*Directions for this task:*
Every record below should be copied exactly, with the pictures left out.

--- Data ---

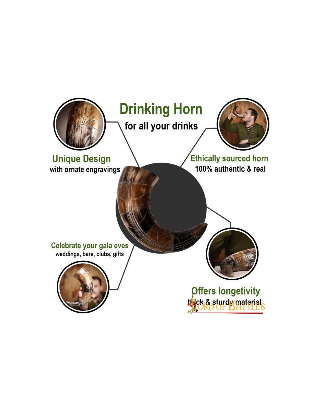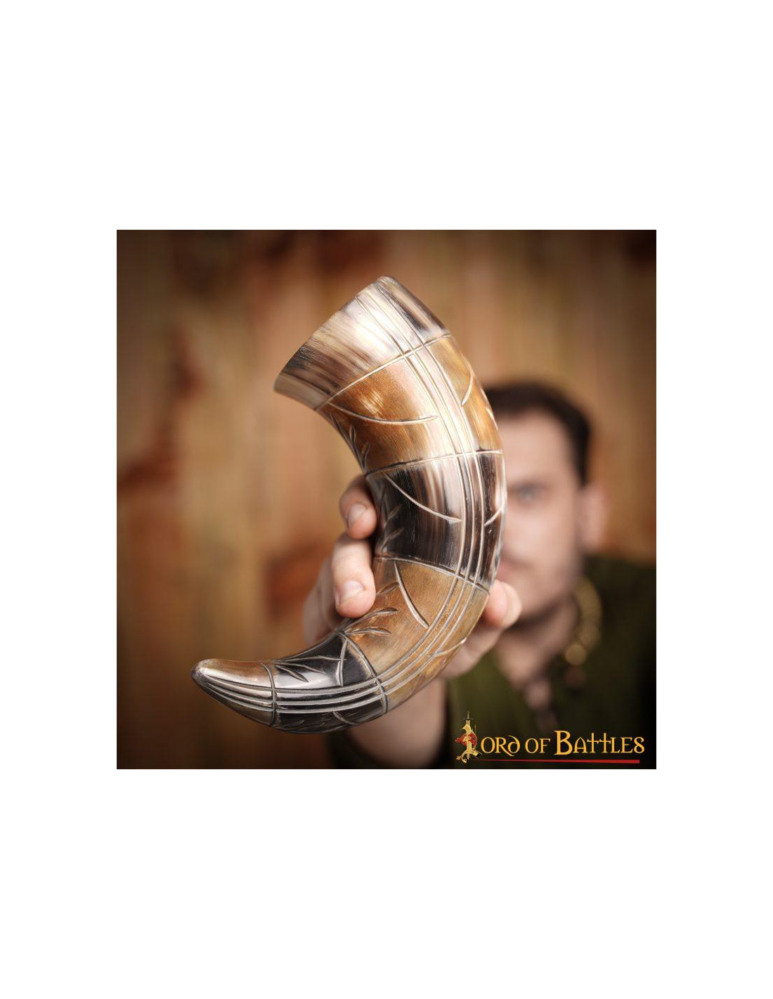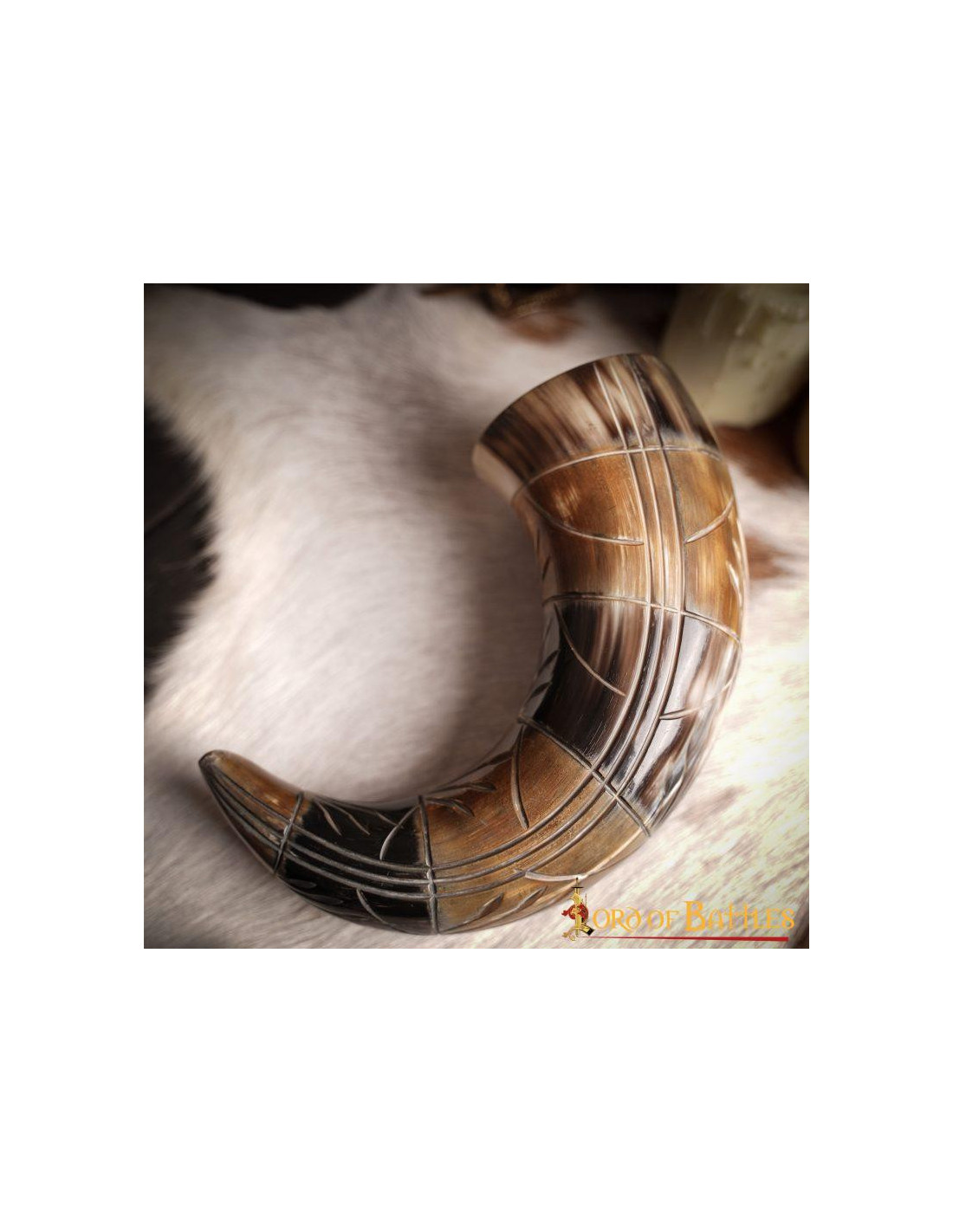 Ontdek de authentieke Viking Ox Horn om te drinken met gegraveerde ontwerpen. Deze uitzonderlijke en authentieke hoorn wordt met de hand gemaakt van de beste ossenhoorns. De totale capaciteit is ongeveer 400-500 ml, perfect om van je favoriete drankjes te genieten, of het nu bier, mede of een ander heerlijk drankje is.
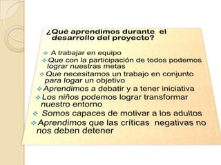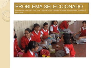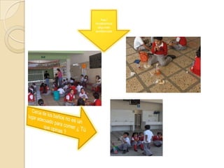 Este documento describe los esfuerzos de los estudiantes y padres de una escuela primaria en México para construir un comedor escolar a través de varias actividades de recaudación de fondos como un bazar, kilómetro del peso, recolección de PET y una rifa navideña. Lograron recaudar fondos suficientes para proporcionar a 885 estudiantes un lugar higiénico para comer en la escuela en lugar de comer en el piso. Los estudiantes aprendieron lecciones sobre clasificación de basura y convivencia a través del
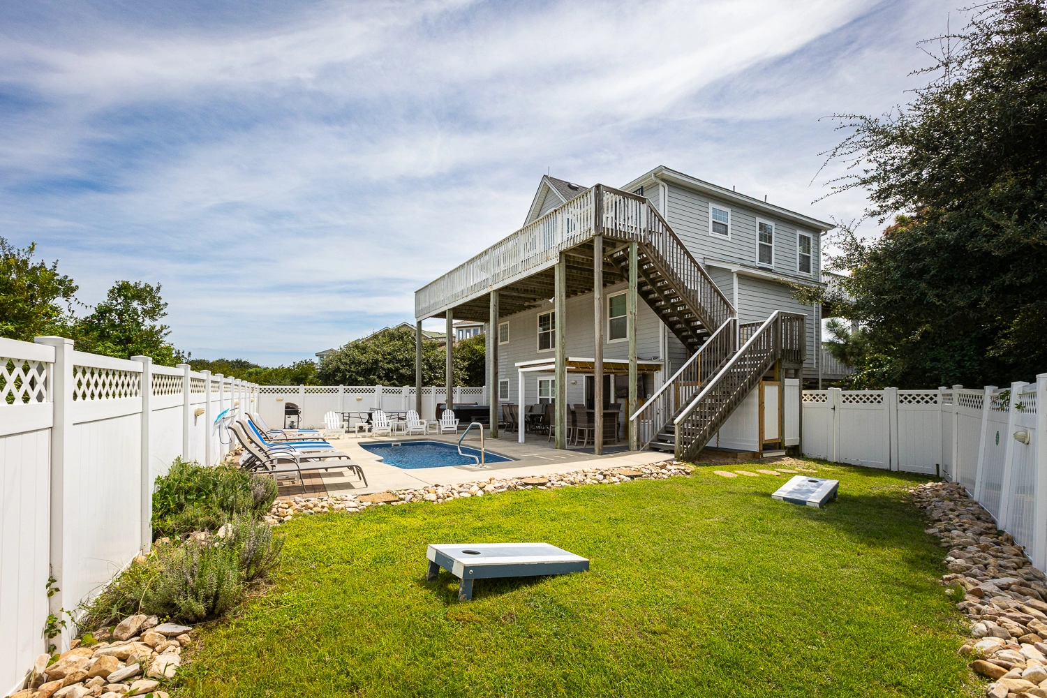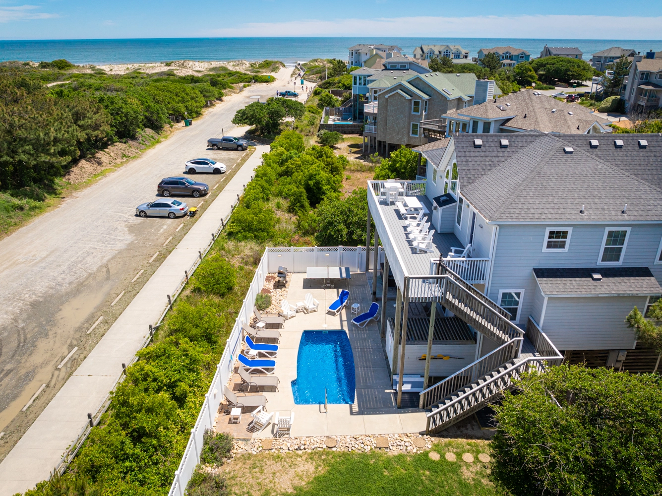 The middle level of the home includes an additional common space, a den, three bedrooms, and a full bathroom. One of the bedrooms is a master bedroom that includes a whirlpool bathtub in the bathroom. The ground level includes two master bedrooms, each with a private bathroom, a second refrigerator and laundry facilities. Step outside to splash in the private pool or relax in the hot tub. An outdoor table and chairs are conveniently located in the pool area along with a bar area and outdoor TV, allowing for lunch or dinner poolside or watching your favorite show. Corolla Light offers a plethora of community amenities, including multiple swimming pools, basketball courts, tennis courts, playground, indoor fitness center with pool, in-season trolley service, and more. No matter what vacation activities you choose, you’ll have a “Shell of a Time” in this vacation home!
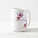 Diese Tasse ist ein wunderschönes Brautgeschenk und zeichnet sich durch ein hübsches lila Blumenwasser-Farbdesign aus. Ihr Name ist in lila Schriftart in der Mitte geschrieben. Unter ist "Bridesmaid" auch in lila geschrieben, aber kursiv. Personalisieren Sie Ihre noch heute!
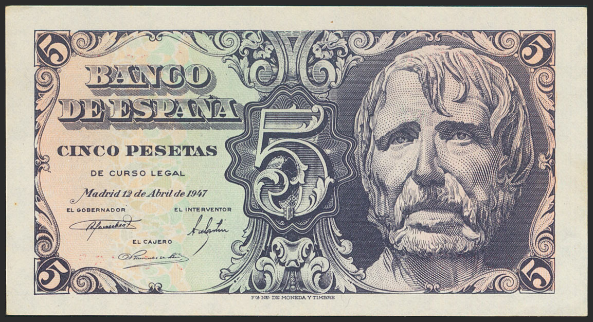5 Pesetas. 12 de Abril de 1947. Serie C. (Edifil 2021: 454a). Apresto original. SC-.
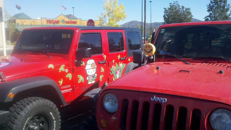 This was parked at the mall today. My Jeep is on the right. Not only was it decked out on all sides with hello Kitty sh*t, hello kitty tire cover, it also has hello kitty seat covers, steering wheel cover, and a sh*t ton of stuffed hello kitty animals everywhere, i was surprised they could shift with all the hk stuff around the stick.
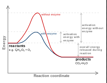 Organisms utilize enzymes (organic catalysts) to lower the activation energy required for reactions.In reaction coordinates, enzymes are represented by a decrease in the peak of the activation energy barrier, promoting the reaction efficiently without being consumed.
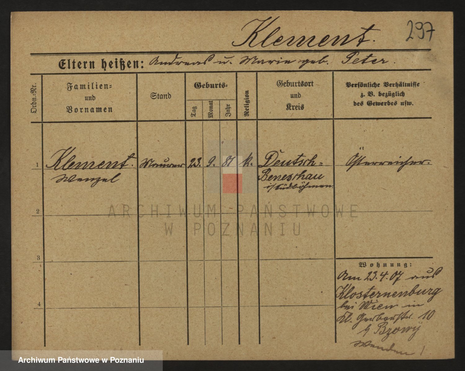 Klesz, Klementyna

---

*Exercise result:*
 Ontdek de authentieke Viking Ox Horn om te drinken met gegraveerde ontwerpen. Deze uitzonderlijke en authentieke hoorn wordt met de hand gemaakt van de beste ossenhoorns. De totale capaciteit is ongeveer 400-500 ml, perfect om van je favoriete drankjes te genieten, of het nu bier, mede of een ander heerlijk drankje is.
 Este documento describe los esfuerzos de los estudiantes y padres de una escuela primaria en México para construir un comedor escolar a través de varias actividades de recaudación de fondos como un bazar, kilómetro del peso, recolección de PET y una rifa navideña. Lograron recaudar fondos suficientes para proporcionar a 885 estudiantes un lugar higiénico para comer en la escuela en lugar de comer en el piso. Los estudiantes aprendieron lecciones sobre clasificación de basura y convivencia a través del
 The middle level of the home includes an additional common space, a den, three bedrooms, and a full bathroom. One of the bedrooms is a master bedroom that includes a whirlpool bathtub in the bathroom. The ground level includes two master bedrooms, each with a private bathroom, a second refrigerator and laundry facilities. Step outside to splash in the private pool or relax in the hot tub. An outdoor table and chairs are conveniently located in the pool area along with a bar area and outdoor TV, allowing for lunch or dinner poolside or watching your favorite show. Corolla Light offers a plethora of community amenities, including multiple swimming pools, basketball courts, tennis courts, playground, indoor fitness center with pool, in-season trolley service, and more. No matter what vacation activities you choose, you’ll have a “Shell of a Time” in this vacation home!
 Diese Tasse ist ein wunderschönes Brautgeschenk und zeichnet sich durch ein hübsches lila Blumenwasser-Farbdesign aus. Ihr Name ist in lila Schriftart in der Mitte geschrieben. Unter ist "Bridesmaid" auch in lila geschrieben, aber kursiv. Personalisieren Sie Ihre noch heute!
5 Pesetas. 12 de Abril de 1947. Serie C. (Edifil 2021: 454a). Apresto original. SC-.
 This was parked at the mall today. My Jeep is on the right. Not only was it decked out on all sides with hello Kitty sh*t, hello kitty tire cover, it also has hello kitty seat covers, steering wheel cover, and a sh*t ton of stuffed hello kitty animals everywhere, i was surprised they could shift with all the hk stuff around the stick.
 Organisms utilize enzymes (organic catalysts) to lower the activation energy required for reactions.In reaction coordinates, enzymes are represented by a decrease in the peak of the activation energy barrier, promoting the reaction efficiently without being consumed.
 Klesz, Klementyna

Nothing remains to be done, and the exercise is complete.